# Contextual Multi-Armed Bandit with Zooming Model

This notebook demonstrates the usage of the Zooming model for quantitative action spaces with the contextual multi-armed bandit (CMAB) implementation in `pybandits`.

The Zooming model adaptively partitions a continuous action space and fits a model (e.g., Bayesian Neural Network) to each segment. This allows efficient exploration and exploitation in continuous or high-cardinality action spaces through an adaptive discretization approach. Unlike the SMAB zooming model, the CMAB version uses contextual information to predict rewards.

References:
- [Multi-Armed Bandits in Metric Spaces (Kleinberg, Slivkins, and Upfal, 2008)](https://arxiv.org/pdf/0809.4882)

In [None]:
import matplotlib.pyplot as plt
import numpy as np
import pandas as pd
from sklearn.preprocessing import StandardScaler

from pybandits.cmab import CmabBernoulli
from pybandits.quantitative_model import CmabZoomingModel

## Setup

First, we'll define actions with quantitative parameters.

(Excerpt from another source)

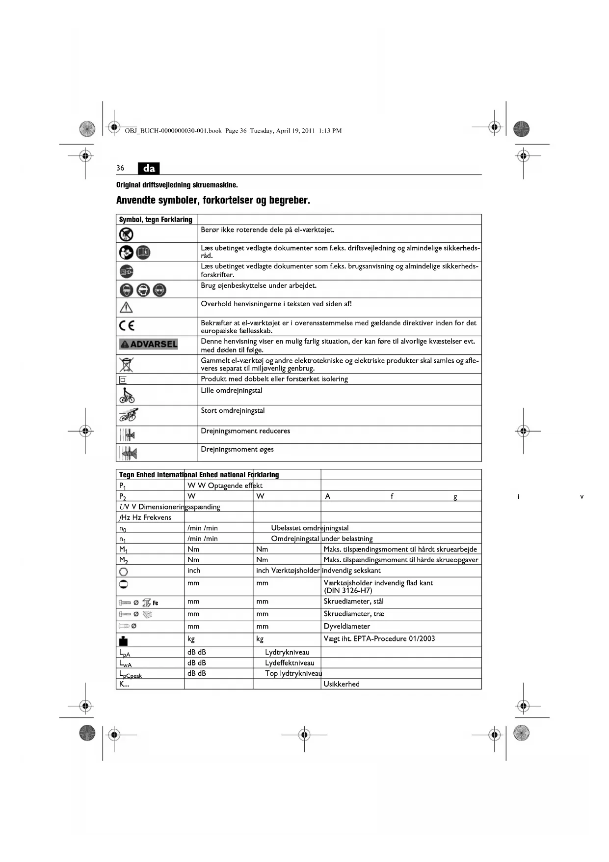 Original driftsvejledning skruemaskine. Anvendte symboler, forkortelser og begreber. Symbol, tegn Forklaring Berør ikke roterende dele på el-værktøjet. Læs ubetinget vedlagte dokumenter som f.eks. driftsvejledning og almindelige sikkerheds- råd. Læs ubetinget vedlagte dokumenter som f.eks. brugsanvisning og almindelige sikkerheds- forskrifter. Brug øjenbeskyttelse under arbejdet. Overhold henvisningerne i teksten ved siden af! Bekræfter at el-værktøjet er i overensstemmelse med gældende direktiver inden for det europæiske fællesskab. Denne henvisning viser en mulig farlig situation, der kan føre til alvorlige kvæstelser evt. med døden til følge. Gammelt el-værktøj og andre elektrotekniske og elektriske produkter skal samles og afle- veres separat til miljøvenlig genbrug. Produkt med dobbelt eller forstærket isolering Lille omdrejningstal Stort omdrejningstal Drejningsmoment reduceres Drejningsmoment øges Tegn Enhed international Enhed national Forklaring

In this example, we'll use two actions, each with a one-dimensional quantitative parameter (e.g., price point or dosage level) ranging from 0 to 1. Unlike the SMAB model, here we also need to define contextual features.

In [None]:
# For reproducibility
np.random.seed(42)

# Define number of features for the context
n_features = 3
# Define number of segments for each action
n_max_segments = 16 # Maximum number of segments for each action
# Define cold start parameters for the base model
base_model_cold_start_kwargs = {
 "n_features": n_features, # Number of context features
 "update_method": "VI", # Variational Inference for Bayesian updates
}


# Define actions with zooming models
actions = {
 "action_1": CmabZoomingModel.cold_start(
 dimension=1, n_max_segments=n_max_segments, base_model_cold_start_kwargs=base_model_cold_start_kwargs
 ),
 "action_2": CmabZoomingModel.cold_start(
 dimension=1, n_max_segments=n_max_segments, base_model_cold_start_kwargs=base_model_cold_start_kwargs
 ),
}

Now we can initialize the CmabBernoulli bandit with our zooming models:

In [None]:
# Initialize the bandit
cmab = CmabBernoulli(actions=actions)

## Simulate Environment

Let's create a reward function that depends on both the action, its quantitative parameter, and the context. For illustration purposes, we'll define that:

- `action_1` performs better when the first context feature is high and when the quantitative parameter is around 0.25
- `action_2` performs better when the second context feature is high and when the quantitative parameter is around 0.75

The reward probability follows a bell curve for the quantitative parameter and is also influenced by the context features.

In [None]:
def reward_function(action, quantity, context):
 if action == "action_1":
 # Bell curve centered at 0.25 for the quantity
 # Influenced by first context feature
 quantity_component = np.exp(-((quantity - 0.25) ** 2) / 0.02)
 context_component = 0.5 + 0.5 * (context[0] / 2) # First feature has influence
 prob = quantity_component * context_component
 else: # action_2
 # Bell curve centered at 0.75 for the quantity
 # Influenced by second context feature
 quantity_component = np.exp(-((quantity - 0.75) ** 2) / 0.02)
 context_component = 0.5 + 0.5 * (context[1] / 2) # Second feature has influence
 prob = quantity_component * context_component

 # Ensure probability is between 0 and 1
 prob = max(0, min(1, prob))

 return np.random.binomial(1, prob)

Let's visualize our reward functions to understand what the bandit needs to learn. We'll show the reward surfaces for different values of context:

In [None]:
x = np.linspace(0, 1, 100)

# Plot for three different contexts
contexts = [
 np.array([1.0, 0.0, 0.0]), # High first feature
 np.array([0.0, 1.0, 0.0]), # High second feature
 np.array([0.5, 0.5, 0.0]), # Mixed features
]

plt.figure(figsize=(16, 5))
for i, context in enumerate(contexts, 1):
 plt.subplot(1, 3, i)

 y1 = [np.exp(-((xi - 0.25) ** 2) / 0.02) * (0.5 + 0.5 * (context[0] / 2)) for xi in x]
 y2 = [np.exp(-((xi - 0.75) ** 2) / 0.02) * (0.5 + 0.5 * (context[1] / 2)) for xi in x]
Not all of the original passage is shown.